── Provided information ──

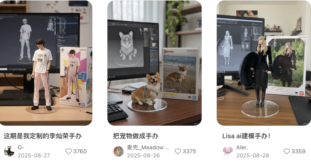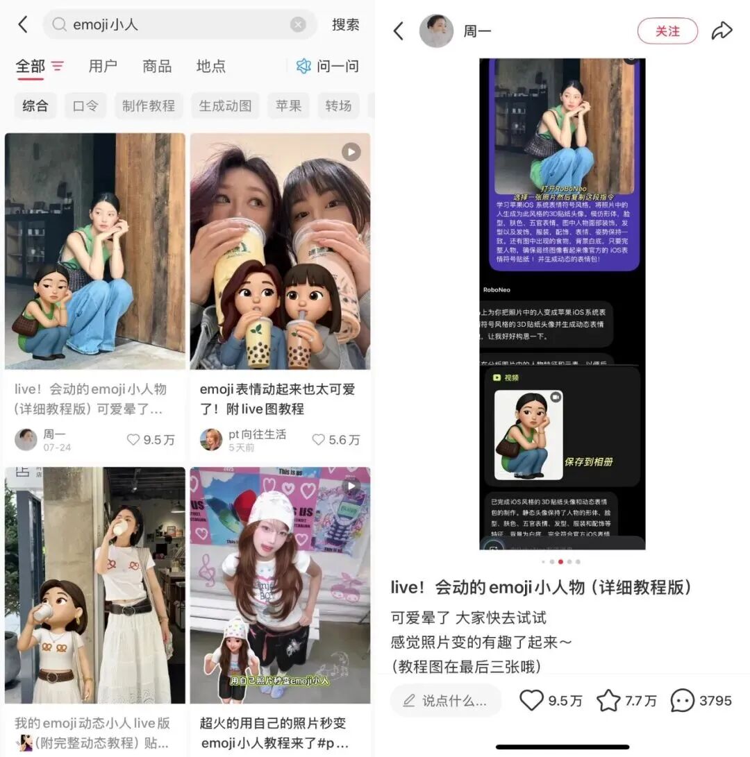 更重要的是,具备低门槛、个性表达和社交属性。比如苹果风动态emoji、3D手办等等,它们不仅是AI内容,更是用户用来表达自我、进行社交互动的工具。
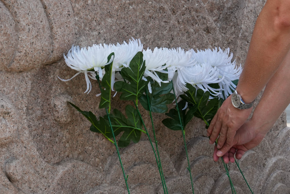2025年7月7日,观众在南京抗日航空烈士纪念馆纪念碑前献花,缅怀英烈。新华社记者 李博 摄
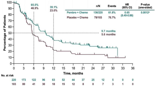 KEYNOTE-355研究是一项国际多中心、双盲、安慰剂、随机对照的Ⅲ期临床研究,按2:1随机分组:帕博利珠单抗+化疗组566例(白蛋白结合型紫杉醇、紫杉醇或吉西他滨+卡铂);安慰剂+化疗组281例(白蛋白结合型紫杉醇、紫杉醇或吉西他滨+卡铂)。该研究主要疗效评估终点是PD-L1 CPS≥10和CPS≥1两组患者以及意向治疗人群的PFS和OS。研究显示,在肿瘤表达PD-L1且合并阳性评分(CPS≥10)的患者中,与安慰剂+化疗比较,帕博利珠单抗+化疗使PFS实现了统计学意义显著延长(中位PFS:9.7个月VS 5.6 个月);将疾病进展显著降低了35%(HR=0.65;95%CI:0.49~0.86;P=0.0012)。目前研究仍在继续进行随访,评估总体生存率。
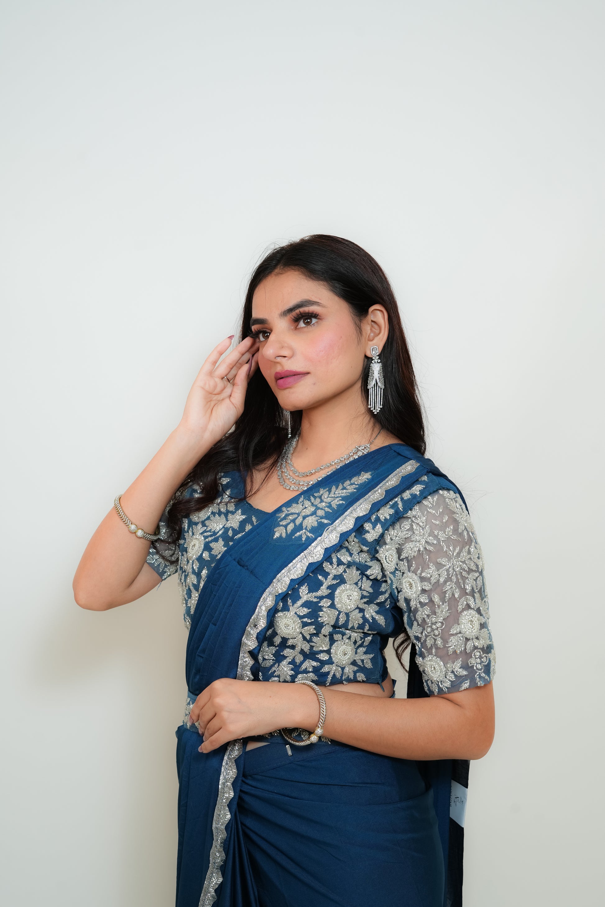 This is a drape saree made of lycra fabric. All borders are finished with silver glitter lace, embellished with cutdana and stone work. A patch with cutdana and pearl work is placed on the shoulder area of the drape. The blouse is made of net fabric and features cutdana, pearl, and stone embroidery. A belt is included, adorned with cutdana work.
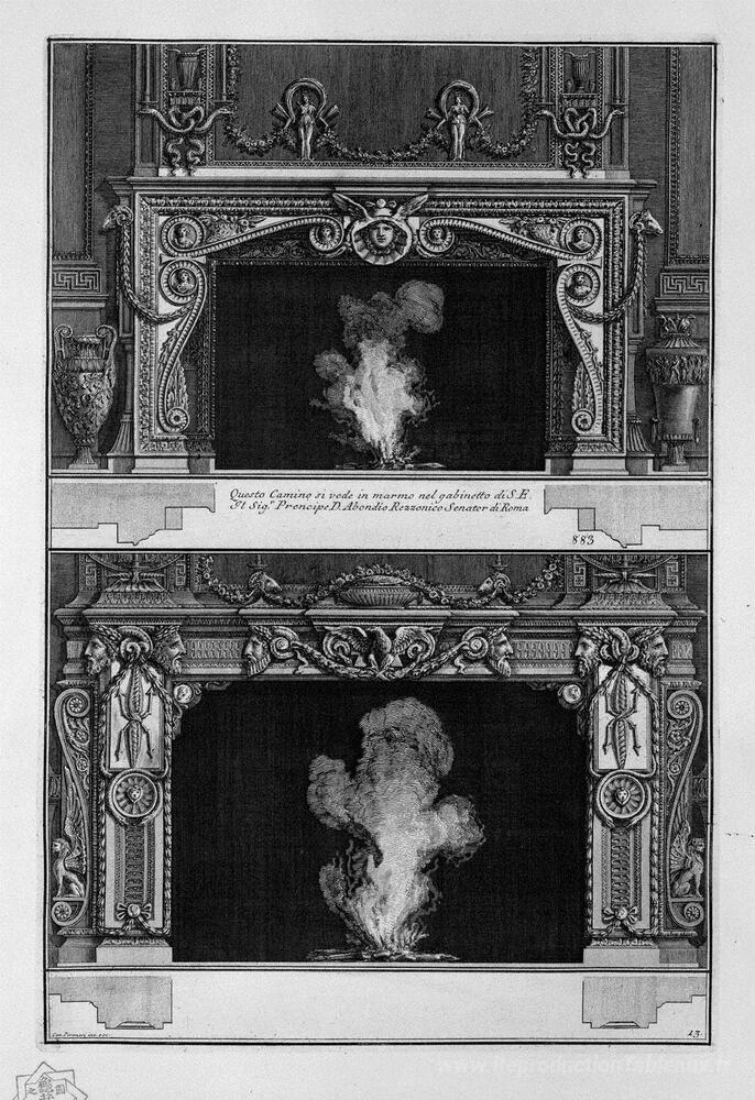 Nous vous proposons une reproduction artisanale sur toile du célèbre tableau 'Deux cheminées se chevauchent: le support avec un masque de médu' de Giovanni Battista Piranesi, provenant du Musée de la Reproduction.
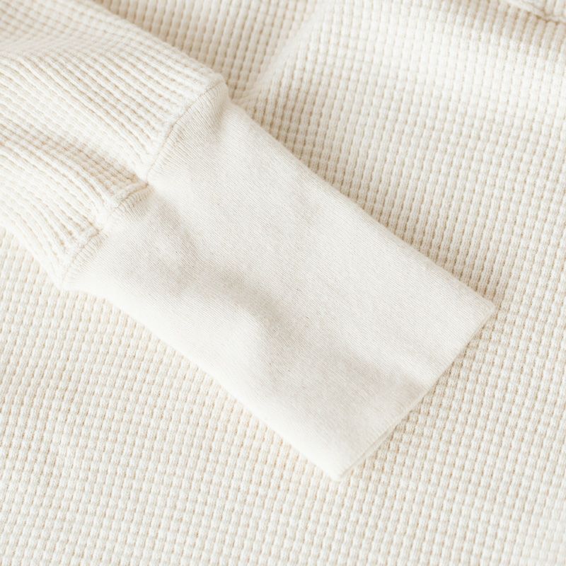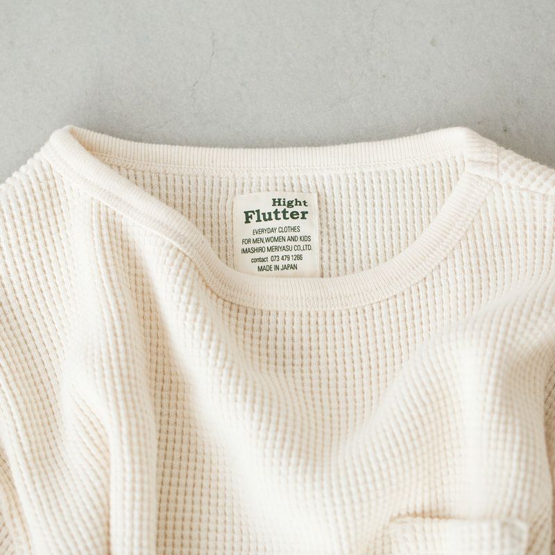 生地メーカー発のファクトリーブランドである「Hight Flutter」のワッフル生地は、貴重な旧式のフライス機を使って編まれたクラシックな仕上がり。

───

# Problem
Reproduce the data above word for word from its first line through the line that holds "This is a drape", both ends included; skip pictures.

# Solution
 更重要的是,具备低门槛、个性表达和社交属性。比如苹果风动态emoji、3D手办等等,它们不仅是AI内容,更是用户用来表达自我、进行社交互动的工具。
2025年7月7日,观众在南京抗日航空烈士纪念馆纪念碑前献花,缅怀英烈。新华社记者 李博 摄
 KEYNOTE-355研究是一项国际多中心、双盲、安慰剂、随机对照的Ⅲ期临床研究,按2:1随机分组:帕博利珠单抗+化疗组566例(白蛋白结合型紫杉醇、紫杉醇或吉西他滨+卡铂);安慰剂+化疗组281例(白蛋白结合型紫杉醇、紫杉醇或吉西他滨+卡铂)。该研究主要疗效评估终点是PD-L1 CPS≥10和CPS≥1两组患者以及意向治疗人群的PFS和OS。研究显示,在肿瘤表达PD-L1且合并阳性评分(CPS≥10)的患者中,与安慰剂+化疗比较,帕博利珠单抗+化疗使PFS实现了统计学意义显著延长(中位PFS:9.7个月VS 5.6 个月);将疾病进展显著降低了35%(HR=0.65;95%CI:0.49~0.86;P=0.0012)。目前研究仍在继续进行随访,评估总体生存率。
 This is a drape saree made of lycra fabric. All borders are finished with silver glitter lace, embellished with cutdana and stone work. A patch with cutdana and pearl work is placed on the shoulder area of the drape. The blouse is made of net fabric and features cutdana, pearl, and stone embroidery. A belt is included, adorned with cutdana work.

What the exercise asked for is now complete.